Normally the smell of old produce can be unpleasant, but I can't tell you how happy I was to see the Onion Knight again. And it wasn't merely because Ser Davos, the fingerless former right-hand man of Stannis, appears to have as much trouble reading books as you people think I do. No, the sight of Davos being freed from the Dragonstone dungeon warmed my heart and seasoned this entire excellent episode because it was a reminder of just how wonderful Game of Thrones can be when it digs in instead of spreading out.
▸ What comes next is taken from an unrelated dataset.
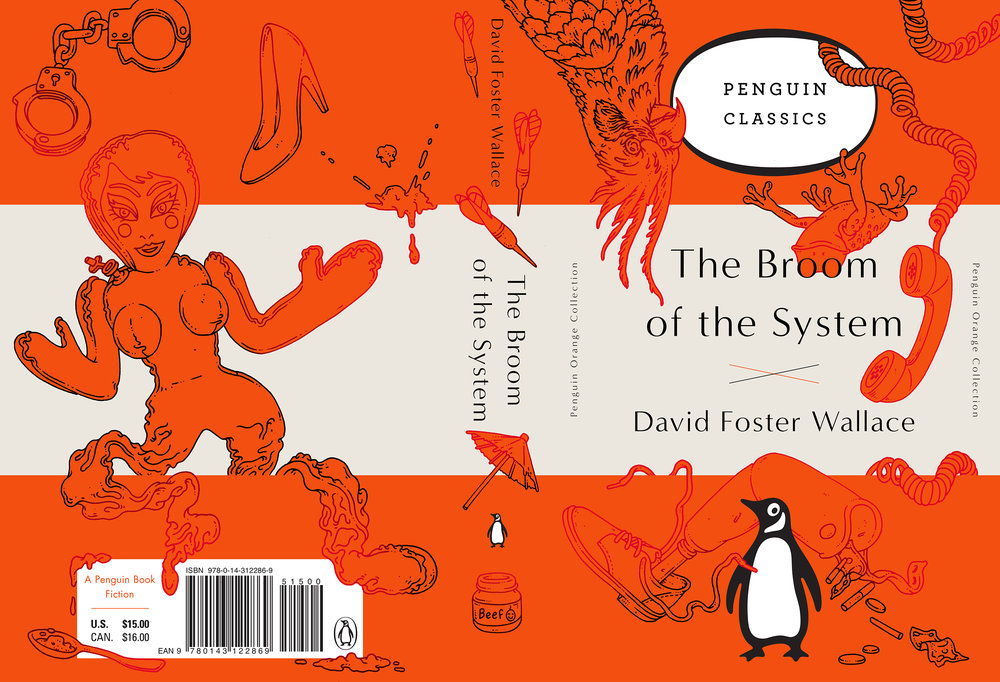 “企鹅经典”历史上的“三段式”封面设计辨识度最高,而巴克利试图玩转和颠覆企鹅历史上这一著名设计。他将“企鹅橘色”系列变得更当代、更时髦,为封面增添各种意象,呈现出了互动立体的效果。巴克利请来插画师艾里克·尼奎斯特(Eric Nyquist)绘制这些意象,艾里克表示:“想到自己将会从视觉上侵犯经典设计,还有斯坦贝克、华莱士、凯鲁亚克等名家著作,我便激动不已。”他在大卫·华莱士《系统之帚》的封面上绘制了离经叛道的立体画,展现出了恐怖、荒谬和禁忌的味道——溅泼的荧光色、手铐、充气娃娃边上滴落的污泥,在某种程度上都有着80年代色情片的意味。

I've judged the past two weeks harshly not because there wasn't enough action but because there was far too much of it: the camera whooshing from here to there and back again, like a three-eyed raven on a four-day coke binge. Believe me, I understand that the epic scope of this story demands multiple perspectives and myriad narrative threads. Even someone who hasn't read a word of George R.R. Martin's prose can be suitably stunned by the sheer size of the world he's created, the way small butterfly wings of culture, history, and pride beating on one continent can cause empires to fall on another. That Game of Thrones has a tendency to feel diffuse is more a byproduct of the medium than an indictment of the maestro; it's not easy taking a Hound-size plot and cramming it into Arya-size installments every week. Having too many wonderful characters to service is a good problem, one that other showrunners would walk through wildfire to experience. But it is a problem.
Happily, "Second Sons" was all solution.